Start of Records

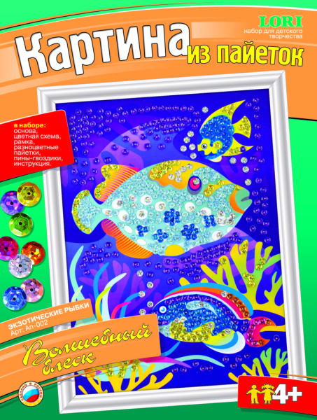—Картина из пайеток LORI 'Экзотические рыбки' картон. уп., Ап-002
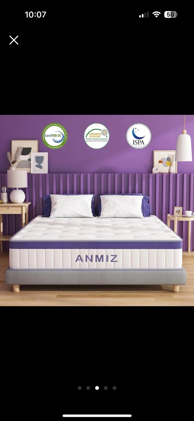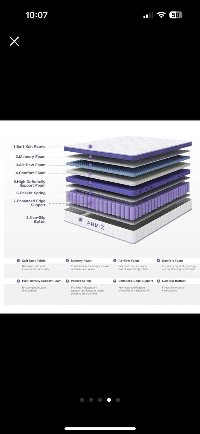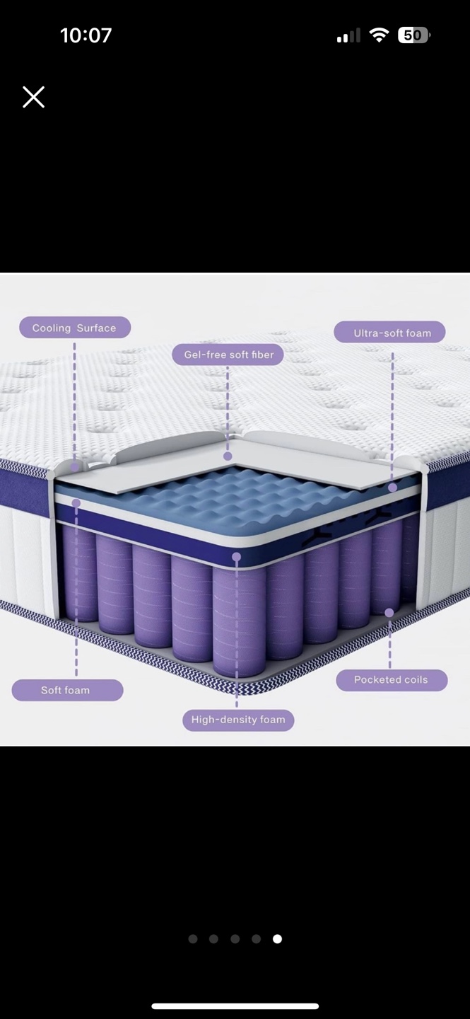 Memory foam, gel-free soft fiber, high-density foam, and pocketed coils. Non-slip bottom. 10 inch. Never used. BRAND NEWW!!!!! Move out SALEE!!!!
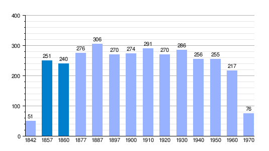 | 1842 | 1857 | 1860 | 1877 | 1887 | 1897 | 1900 | 1910 | 1920 | 1930 | 1940 | 1950 | 1960 | 1970 | 2007 | ||||||||||||||
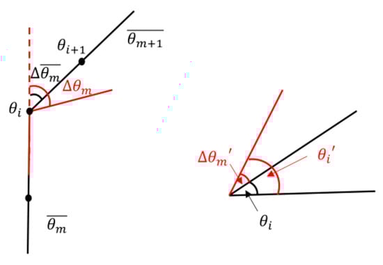 For the horizontal path divided by the turning point, the difference between the average yaw angle of the previous horizontal path and the current horizontal path is calculated. And the yaw angle of the current horizontal path is calibrated by the terrain corner angle , corresponding to the turning point. The calculation formula is
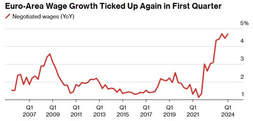 最新的经济报告提供了谨慎的理由。政策制定者原本希望欧元区薪资的一项关键指标显示通胀终于得到了控制,但却未能得到缓和,这表明价格压力,尤其是服务业的价格压力,可能需要更长的时间才能缓解。事实上,上个月通胀率从4月份的2.4%上升到2.6%,超过了分析师预期。
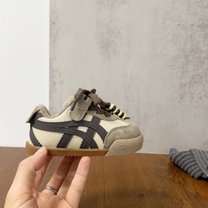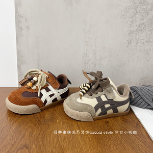 串珠流苏装饰拼色图案休闲风阿甘鞋2025年冬款男女童保暖小板鞋批

End of Records

Repeat every line above exactly, but omit all images.

_Solution to this problem_
—Картина из пайеток LORI 'Экзотические рыбки' картон. уп., Ап-002
 Memory foam, gel-free soft fiber, high-density foam, and pocketed coils. Non-slip bottom. 10 inch. Never used. BRAND NEWW!!!!! Move out SALEE!!!!
 | 1842 | 1857 | 1860 | 1877 | 1887 | 1897 | 1900 | 1910 | 1920 | 1930 | 1940 | 1950 | 1960 | 1970 | 2007 | ||||||||||||||
 For the horizontal path divided by the turning point, the difference between the average yaw angle of the previous horizontal path and the current horizontal path is calculated. And the yaw angle of the current horizontal path is calibrated by the terrain corner angle , corresponding to the turning point. The calculation formula is
 最新的经济报告提供了谨慎的理由。政策制定者原本希望欧元区薪资的一项关键指标显示通胀终于得到了控制,但却未能得到缓和,这表明价格压力,尤其是服务业的价格压力,可能需要更长的时间才能缓解。事实上,上个月通胀率从4月份的2.4%上升到2.6%,超过了分析师预期。
 串珠流苏装饰拼色图案休闲风阿甘鞋2025年冬款男女童保暖小板鞋批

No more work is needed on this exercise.